Pte. Kevin McKay, who is from my hometown, was killed by an IED while on foot patrol outside of Kandahar City on Thursday May 13th just two days short of his return to Canada and his family. Of course, when I heard this news it saddened me as much as any of the other fallen soldiers we hear about on the news. I think about what their last moments of life were like, their families and friends, and I can’t help but wonder when it will be enough.
Kevin, his convoy travelling The Highway of Heroes from CFB Trenton, was repatriated on May 16th. The Highway of heroes is the BEST example of every reason I am proud to be Canadian. For those who don’t know, it is a stretch of highway 401 the leads from CFB Trenton (where our fallen soldiers return home) to Toronto. For several years now, when a fallen soldier returns home, proud and thankful Canadians, emergency personnel and anyone else who wants to give thanks, lines the highway and bridges by the hundres or thousands, waving their Canadian flags to say goodbye and pay respects to the hero. It is the most beautiful display of patriotism I have ever seen.
I saw the coverage on the news that night and again I was sad, as I always am, but still, it hadn’t fully hit me.
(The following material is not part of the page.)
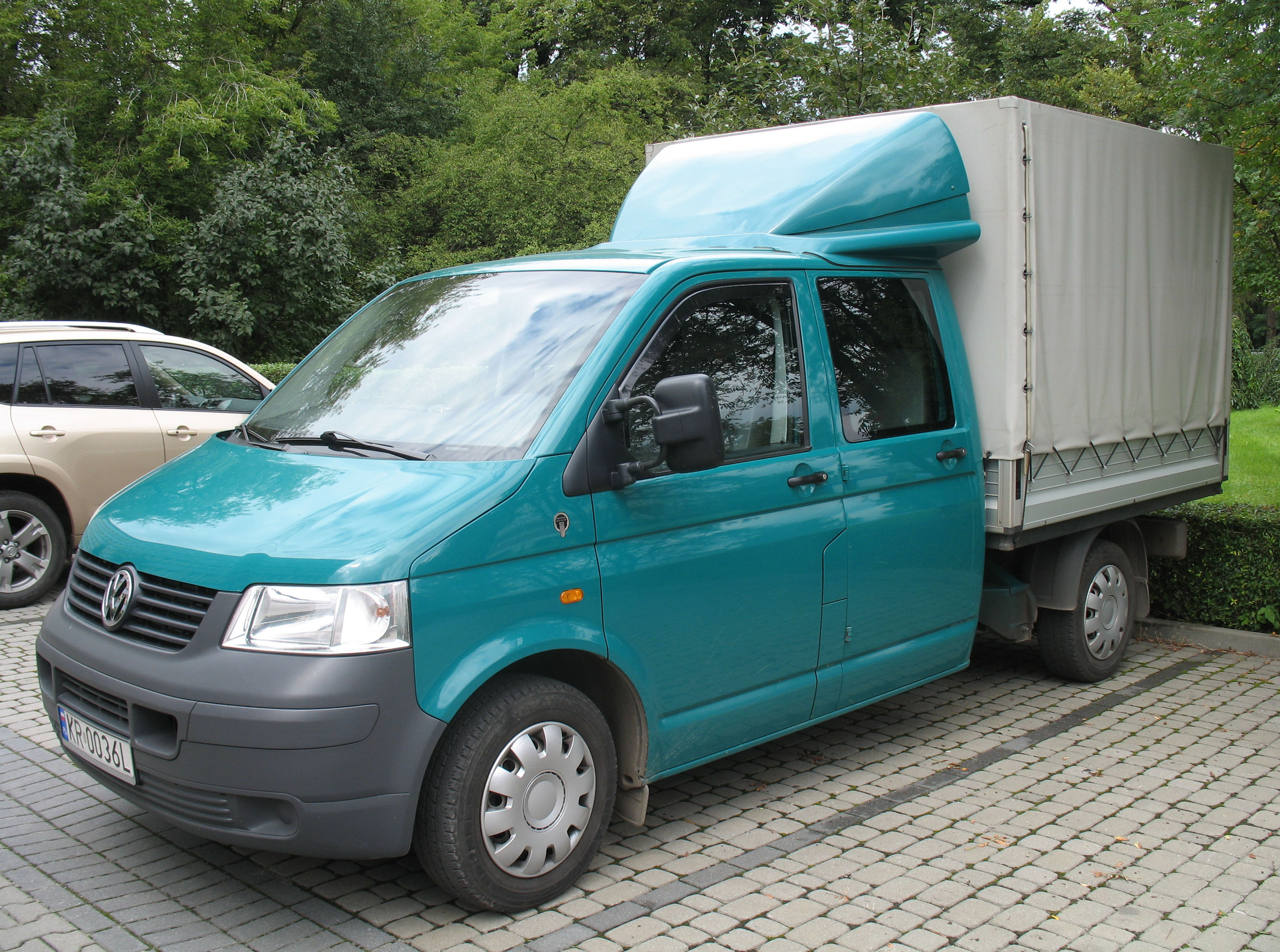 Volkswagen T5 with double cab in Kraków, Poland.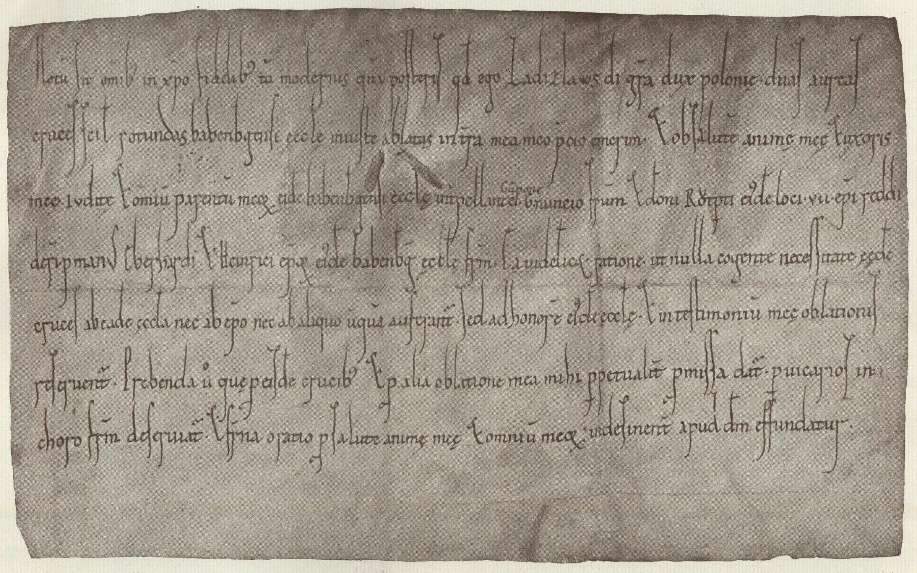 Document of Władysław Herman, Duke of Poland, end of 11th century.

Today, while running some errands on my lunch I saw many people walking the streets of downtown in suits and dresses, wearing poppies, and realized that today was the day of Kevin’s funeral. I saw a large group of people walking towards me clearly coming from the funeral. As I got closer, I realized they were all teachers from my high school. It all sort of hit me in a flash; teachers from my high school, same hometown, age 24… Kevin McKay. I quickly returned to the office and pulled up a search of Pte. McKay’s picture and background. Sure enough, it was the same Kevin McKay who had been just 1 year behind me in high school. It hit me like a ton of bricks to the chest.
I hadn’t been friends with this boy, and I wouldn’t even call him an acquaintance… but my school wasn’t that big. All I can think about is how for 3 years I would have passed him in the hall, perhaps stood behind him in line, and never EVER though he would later become “that local soldier who died in Afghanistan”. We’re not a military town, so it’s not something you think about or are prepared for. I’ve never had a soldiers death hit this close to home before and it really affected me. It made it seem real and it made me realize just how young these people who are fighting to maintain our freedoms really are. I wish I had put the pieces of the puzzle together earlier and I would have attended his funeral to pay my own personal respects.
I have a lot of opinions on the various wars going on around the world, on Canada’s involvement (or lack of) in them, and on the politics behind them. But the one thing I remain firm on is that regardless of whether or not I support the war efforts from a political point of view, I will always support, and be forever grateful to the men and women in our military. This is more true to me today than it’s ever been. I will be forever grateful to the boy who I passed between math and science class, the boy who I bumped shoulders with in the hall, the boy who had some of the same teachers and friends I did… the boy whom I never thought would die in protection of my freedom. He didn’t even know my name, but now I know his and I will never forget it.
Rest in peace soldier. And thank you.